Uniswap v4 uses ERC-6909 to further improve gas-efficiency on token claims and redemptions.

ERC-6909 is a simple multi-token contract standard. The token standard is analogous to managing multiple ERC-20 tokens from a single smart contract - similar to ERC-1155. The major difference between ERC-6909 vs. ERC-1155 is granular approvals and the removal of inefficient safe transfer callbacks.

How it works

Instead of choosing to move tokens in/out of the PoolManager, developers can opt-in and leave the ERC-20 tokens within the PoolManager. In exchange, the PoolManager can mint them an ERC-6909 token representing their claim. In subsequent interactions requiring paying tokens, users will not need to transfer ERC-20 tokens into the PoolManager - users can simply burn some (or all) of their claim tokens they have

Doing real ERC-20 token transfers requires calls to external smart contracts - incurring gas overhead compared to internal accounting. Secondly, these external smart contracts have their own custom logic within their transfer functions - for example USDC's blocked-address list - which is a further gas overhead. Thus, minting and burning ERC-6909 tokens are more gas-efficient because they don't require external function calls and have a constant-size gas overhead regardless of the underlying ERC-20 token.

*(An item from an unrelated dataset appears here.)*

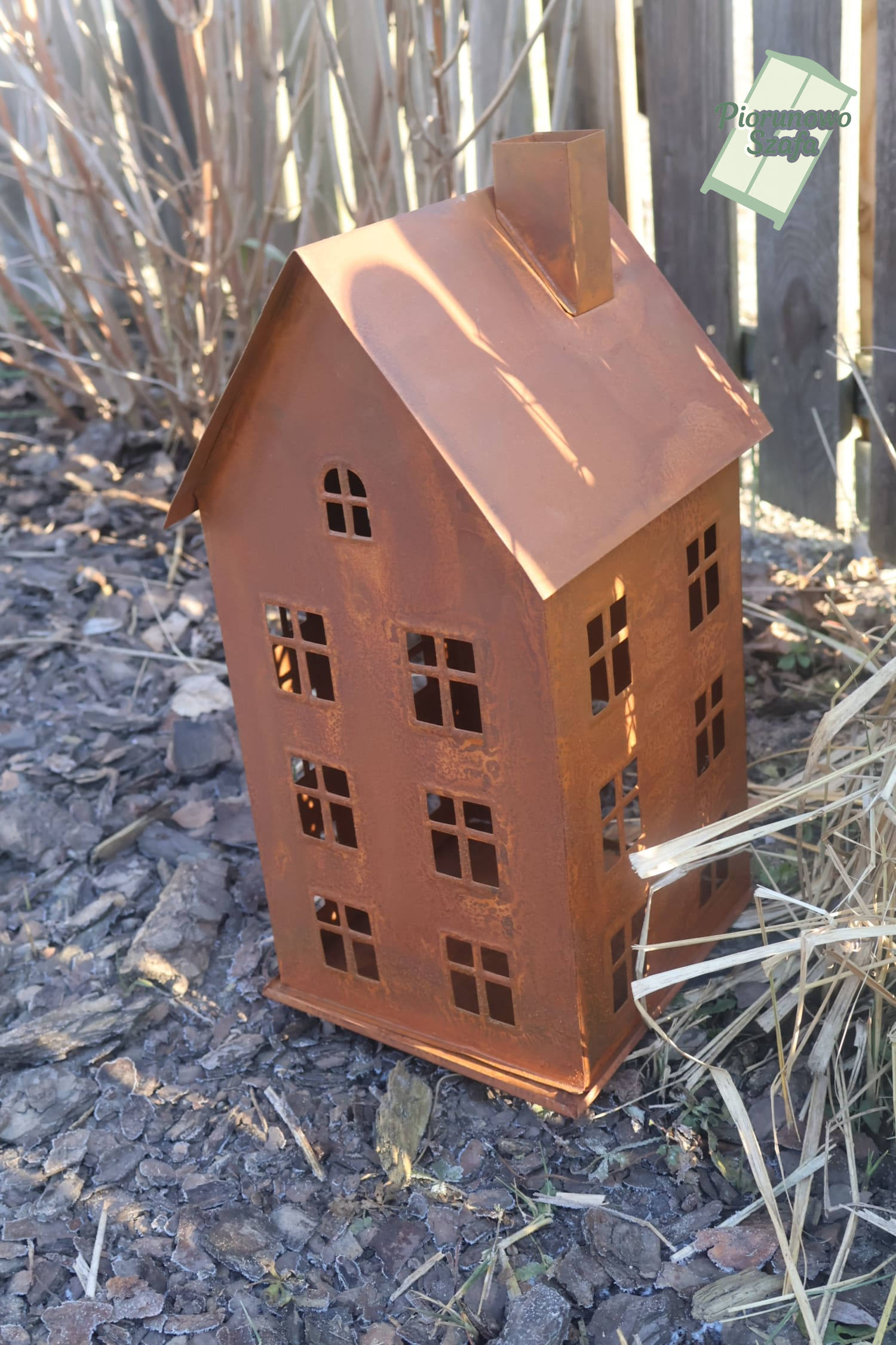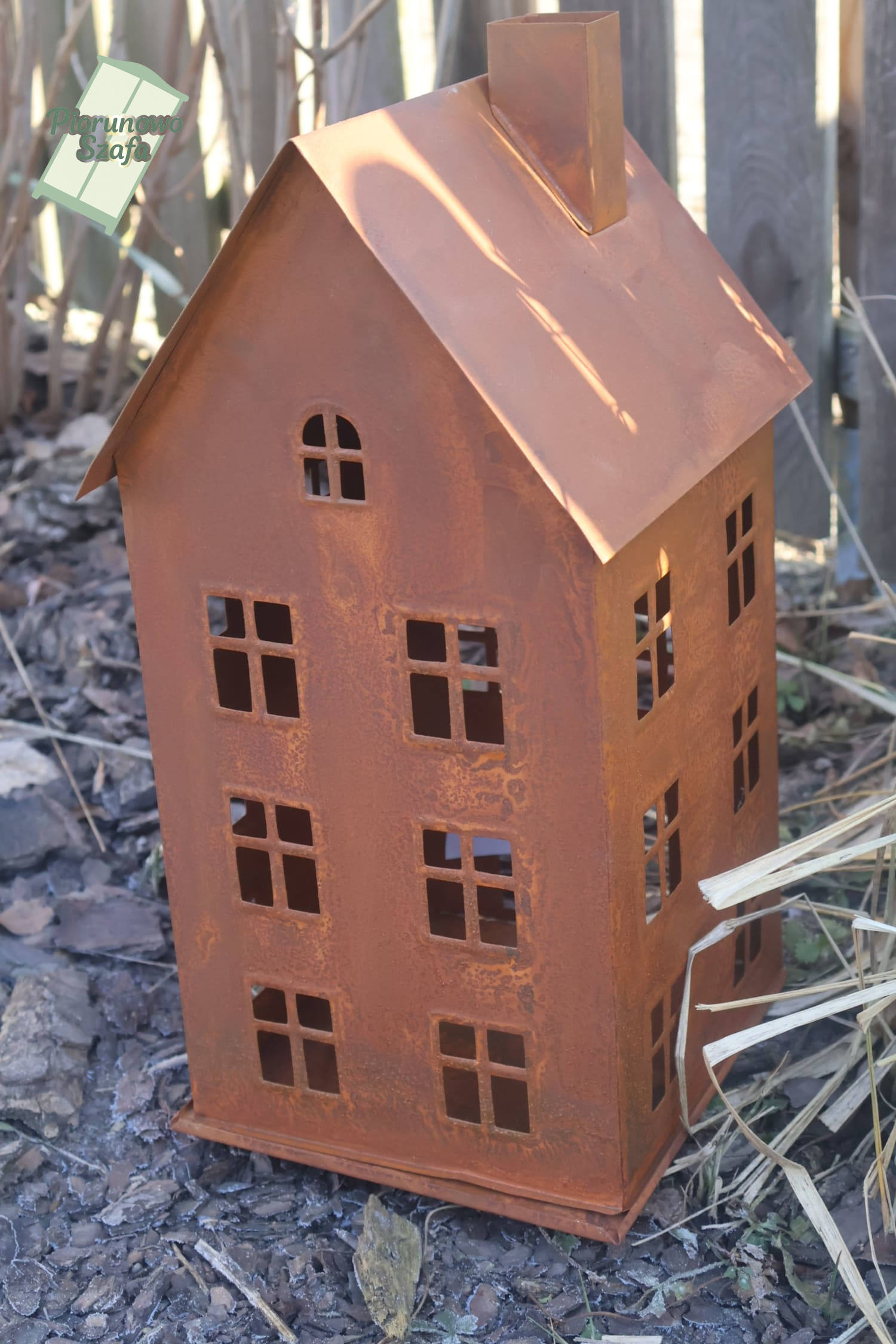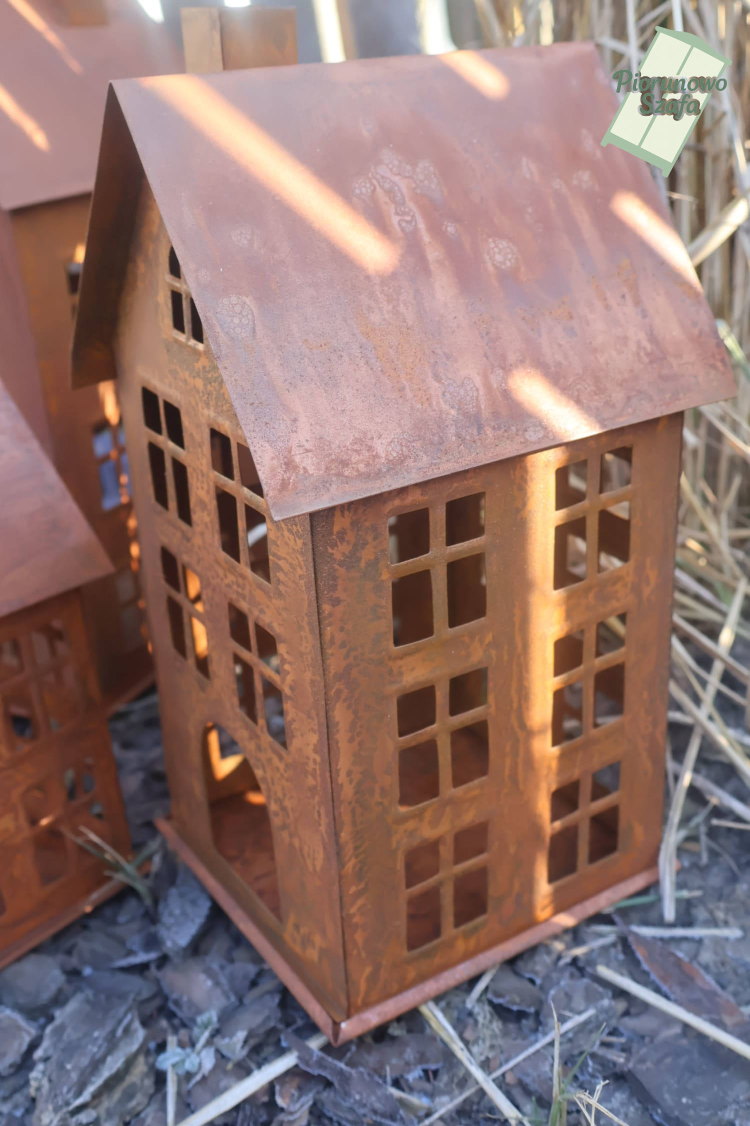 Dekoracyjny metalowy domek – świecznik na tealighty

This mechanism therefore helps further reduce gas costs. All these gas cost reductions overall make pools much more competitive based on the fees they charge.

Examples

High-frequency traders / MEV bots

These users are often conducting a lot of swaps in relatively short durations of time, while staying within the Uniswap Protocol. These power-users can trade using ERC-6909 tokens for improved gas-efficiency.

Liquidity management

ERC-6909 does not only benefit swappers. For power-users that may be opening and closing liquidity positions frequently, liquidity managers can opt-in and receive their capital as ERC-6909.